APIATAN (Wooden Lance)
When Gul pah go (Lone Wolf I) passed
his name an succession on to his adopted son, in 1879, Apiatan disputed the
succession, as it was not blood line, and he was a nephew.
The winter of
1890-1891 word came down along the edges of the Kiowa land about this "Man from
the North"that had seen Jesus, had seen all the dead people, had seen the
buffalo, and had seen the country where all the dead people lived with Jesus and
the buffalo. He said there were rivers and good grass and plenty of food for
everybody. It was the country the white people called the Happy Hunting
Ground.
Wooden Lance was sent by the Kiowa to find this Man From the
North and find out about belief. He traveled into the Cheyenne land, then on
into the Arapaho land searching. He left his horse with the Arapaho, and taking
a young man that could translate, boarded a train He rode North and when he left
the train, he found a Sioux camp. They talked and the Sioux told him they had
gotten word from west, from the Paiutes. That is where he would have to
go.
The Sioux sold him a horse and he headed west to Paiute country. It
was coming winter in the North country, and he was dressed for summer where he
lived. He came to a Shoshoni Camp, where they told him the Paiutes were still
father west. They had a young man who spoke Paiute and sign language and sent
him with him. They traveled 5 more days and found the camp of Wovoka.

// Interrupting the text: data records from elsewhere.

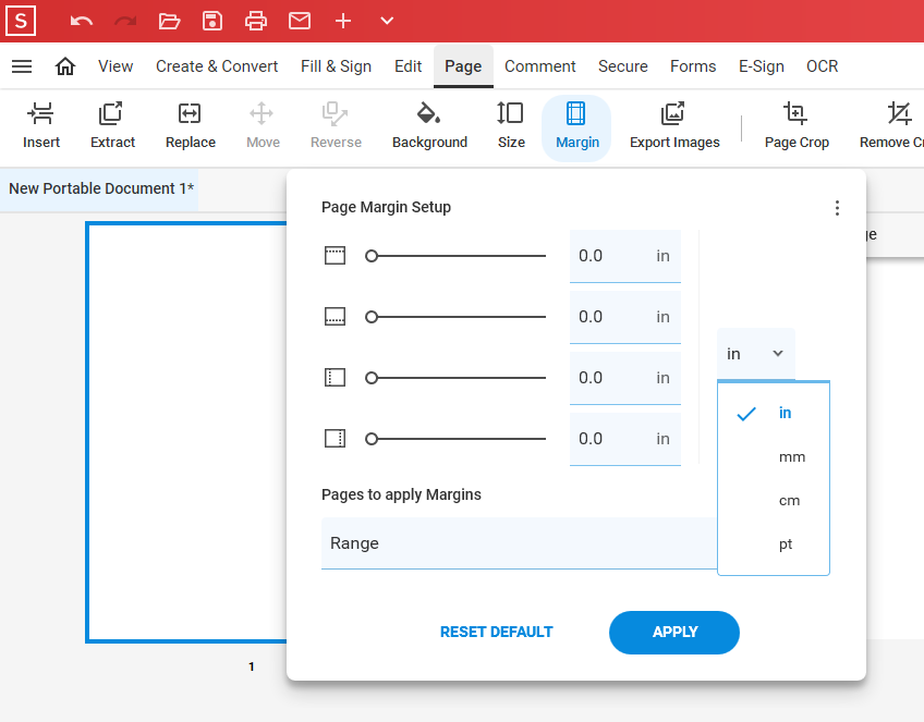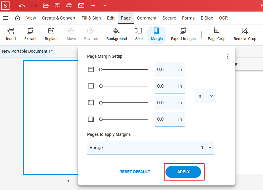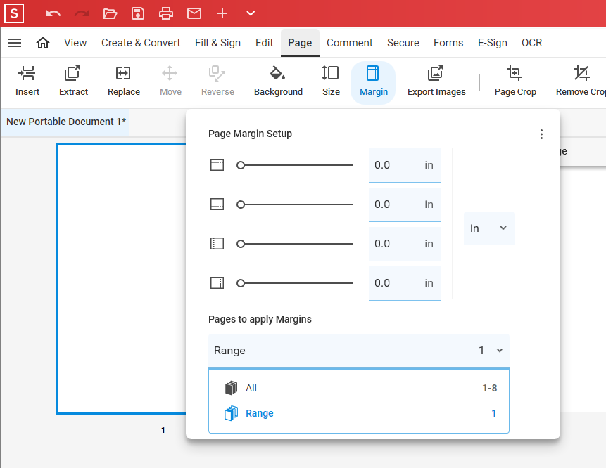 - Range – With this option you can choose any combination of pages to modify the margin size. Below you’ll see how to tell Soda PDF the pages it needs to work with.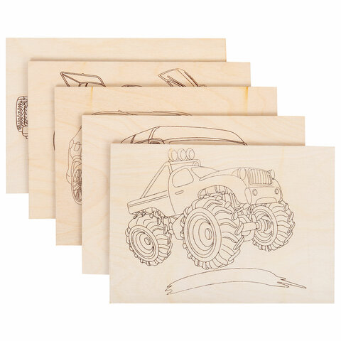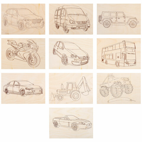 Заготовки деревянные для выжигания "Транспорт", 5 шт., 10 рисунков, 15х21 см, BRAUBERG HOBBY, 665307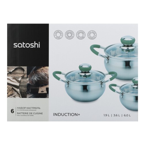 Набор кастрюль Satoshi Марли создан для тех, кто думает о качестве питания, но не забывает про экономию. Посмотрите, какой ансамбль — 3 емкости разного объема — 1,9, 3,6 и 6 литров. Обратите внимание — единый дизайн и все необходимые на кухне размеры. Готовьте первые и вторые блюда, соусы, десерты и сезонные заготовки. Кастрюля на 6 л — идеальное решение для приготовления супа на всю семью. 3,6 л — отличный выбор на каждый день для макарон и каш. Изделие 1,9 л — подходит для приготовления маленьких порций.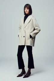 Modern and light twist to a classic peacoat. Button fastenings, double breasted front, softly draped sleeves. Round lapel for a unique look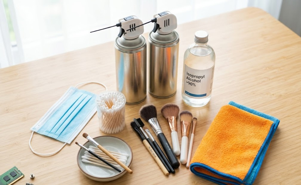 Khăn Microfiber: Dùng để lau sạch bề mặt vỏ case hoặc các khu vực bụi bám thành lớp đặc mà khí nén không thổi bay hết.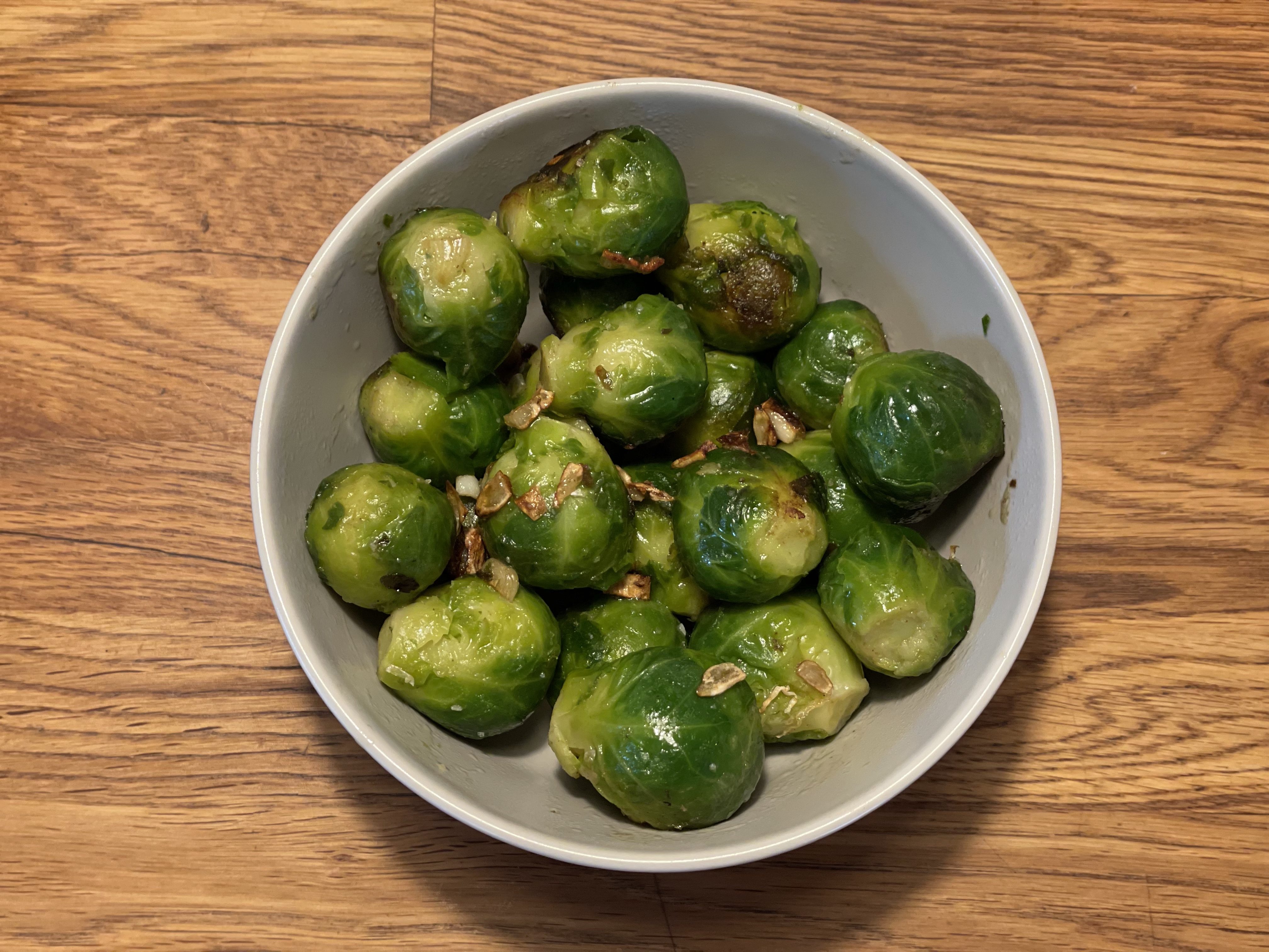 Stekt brysselkål Så här gör du: Koka upp ett paket fryst brysselkål Hacka och fräs under tiden 2 vitlöksklyftor Häll av vattnet av brysselkålen Bryn kålen till önskad färg tillsammans med vitlöken Kan serveras både varm och kall!
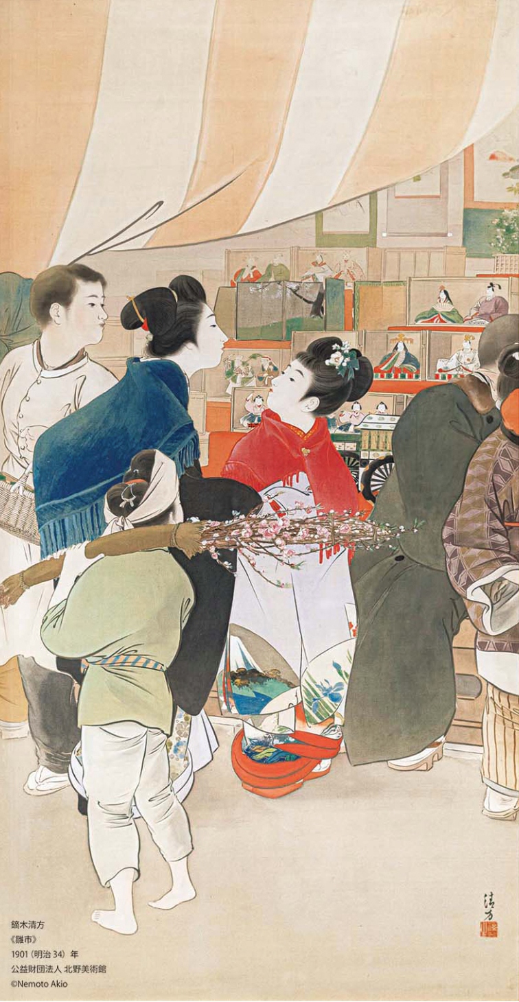 鏑木清方自小熱愛閱讀報章雜誌,觀看演劇與相聲等,父親是《東京日日新聞》的創刊記者,從小勵志成為插畫家,替報紙連載小說中繪製插圖。鏑木在21歲時畫的《雛市》,描寫女兒節前,市場上一位披紅絨披肩,穿著華麗的女孩正盯著母親,央求購買女兒節人偶。然而前方另一位扛著桃花、沒有穿鞋的女孩,也不約而同地注目人偶。同樣渴求的心情,兩者境遇卻天差地遠,是鏑木清方早期經常刻畫的日常題材,也呼應初立家業卻懷才不遇的心理寫照。
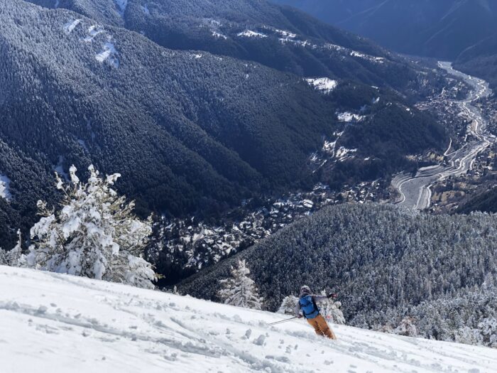 Descente directe au Pépoiri, neige douce et lisse sous les spatules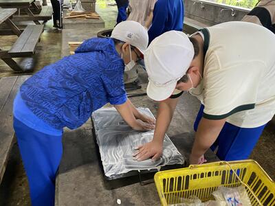 かまど、鉄板、包丁、ザル、ボール、材料などを準備したら、早速調理開始です。グループごとに、火を起こす人、鉄板の裏にクレンザーを塗る人、材料を切る人に分担をしました。火おこしは順調です。グループで声を掛け合って作業を進めました。予定していた、10時半前にはどのグループも炒める準備完了していました。いただきます予定の11時には、片付けもある程度済ませてしまう手際の良さ。素晴らしい‼️

Wooden Lance talked to Wovoka for some time, then left, making his way
back to Kiowa Country along the route he had taken. When he returned home, in
February, 1891, he told of what he found out. Although Wooden Lance could not
believe, there were many that did.
In 1898, Wooden Lance was a delegate
to Washington D. C. to protest the opening of the Reservation.
Information from "The Ten Grandmothers" by Alice Marriott, published by
University of Oklahoma Press, Norman, OK, 1945; and "Calender History of the
Kiowa Indians" by James Mooney, published by Smithsonian Institution Press,
Washington, D.C. from reports, 1895-1896.